My second spring

BALTIMORE, MARYLAND—I thought the cherry blossoms wouldn’t wait for me, but thank God they did.

 

They had begun to bloom a week before I left on this trip, and my heart was a bit saddened at the thought that I would not be able to see them in all their glory. But there they were, waiting.

 

In Berkeley, I chanced upon them as my friend Joi Barrios and I walked down a path after I had lectured in her class. A few days later, on Dupont Circle in Washington, DC, there they were once more, lined up against the city’s beautiful brownstones. And even here, in Baltimore, there they were, looking out into the tranquil bay.

 

A second spring—that’s how I feel on this trip, which has been, to sum it up, most healing: a second chapter after a long, harsh winter.

 

Yesterday, as I sat in one of the sessions in my grief conference, I was moved by a video that featured talk show host Stephen Colbert, who said that for many, many years as a child, “Loss was my hidden name.”

 

Colbert had lost his father and two older brothers in a plane crash. He was only 11 when it happened. And yet, for the next eight to 10 years of his life, he was unable to talk about it or come to terms with it.

 

Woundedness

 

That’s how it is for most children who lose their parents very early. That’s how it was for me. It is a woundedness that we carry for most of our lives and, no matter how old we become, we never truly forget.
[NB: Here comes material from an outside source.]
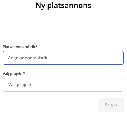 • Välj projekt: Annonsen måste kopplas till ett projekt, vilket knyter annonsen till en kund och även till en intern avdelning.
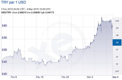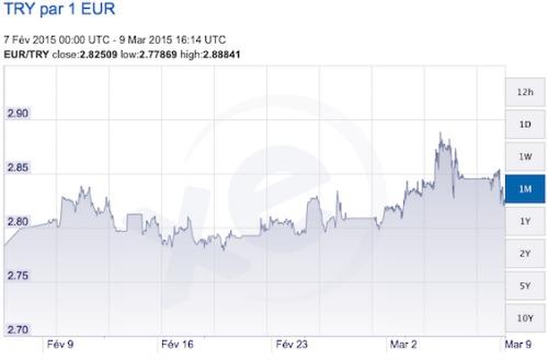 Ces dernière semaines, la dépréciation de la livre turque (TL) face au dollar américain (USD) s'est accélérée, un dollar s'échangeant désormais contre 2,647 TL, rapporte le quotidien Today's Zaman. Un taux historiquement bas pour les experts, alarmés par la crispation croissante des marchés. De même, la valeur de la livre turque a fortement baissé par rapport à l'euro (?) : 1 euro s'échange ces jours-ci pour 2,87 TL. Le bras de fer engagé depuis plusieurs mois entre le président turc Recep Tayyip Erdo?an et la Banque centrale de Turquie (TCMB) au sujet des taux directeurs décidés par cette dernière n'aide vraisemblablement pas à enrayer ces chutes.

Andy McNiel of the National Alliance for Grieving Children (NAGC) spoke about the ways that we, as adults, can help minimize the impact of grief on children who have lost their parents.

 

McNiel says that the most important determinant to “successful” grieving, according to a Harvard Bereavement Study conducted on children who had lost their parents between the ages of 6 and 17 by William Worden and Phylis Silverman, is the child’s relationship with the surviving parent.

 

In other words, the surviving parent becomes a role model for the child on what healthy grief is all about. “It’s the child who takes the cue from the parent, and not the other way around.”

 

That’s not an easy thing to do, considering that the parent may be overwhelmed by grief herself/himself. However, it is really up to the adult to take the lead.

 

In another survey of 531 children between the ages of 9 and 18 by the NY Life and the NAGC National Poll, when asked about what was most helpful for their grief process, 55 percent stated “spending time with family,” while 59 percent said “spending time with friends.”  Other significant answers were listening to music (49 percent), staying busy (46 percent), going to grief group (42 percent) and talking to other grieving children (41 percent).

 

Even more poignant for me were the children’s replies to the question, “What is your grief like?”

 

86 percent wished they had more time (with the loved one who passed)

 

73 percent think about the person every day

 

47 percent believe their life will be harder

 

46 percent cannot believe that it’s true

 

45 percent have trouble concentrating in school

 

41 percent engage in harmful behavior/choices

 

Having been that bereaved child once in my life (I was 16 the summer my dad died), I can fully appreciate and understand where these children are coming from. If someone had asked me that question 33 years ago, I would have given the top four answers.

 

Losing my father affected many different areas of my life, and its impact is something I have had to grapple with all the way up to midlife. Any child who has lost a parent will probably tell you the same thing. We are all affected deeply, just in different ways and degrees.

 

Bereaved child

 

The bereaved child will not always talk, and he or she must not be forced to. Instead, a supportive, loving and caring environment must be provided so that the child can grieve properly in an environment where she feels safe and not judged. This is applicable not only to the death of a parent, but any other loss, or in the event that a child witnesses or experiences something traumatic.

 

I was once told by a wise nun that it’s never too late to have a happy childhood. I’m not saying that mine was not; it was, in many ways. But there was also a lot of sad and difficult days, more so when my father died so very suddenly, ripping away my sense of security and trust in the world.

 

However, children grow up, and we all become adults who have to find ways and means to cope with the world—and we do, somehow, until another loss comes and we once again confront all those feelings we had as children. In midlife, we finally find the courage to peel off all those layers of hurt and sadness, until we strip them all off and finally confront what it was that caused us the deepest pain.

 

It is also also when we realize and become grateful for all the pain we had, because it is in the darkest of nights, by God’s grace, that we discover strengths we never thought we possessed. We find out who our true friends are, and how His grace, no matter how long in coming, will never, ever leave us where it first finds us.

 

It was fun recreating a happy childhood on this trip, never losing the wonder as I gazed upon His masterpiece. Finding myself in awe once more of places and things that reminded me of my father. Seeing old landscapes with new eyes.

 

Albert Camus said it best: “In the midst of winter, I found there was, within me, an invincible summer. And that makes me happy. For it says that no matter how hard the world pushes against me, within me, there’s something stronger—something better, pushing right back.”

 

The winter of my life is over, and by His grace, a second spring has finally come.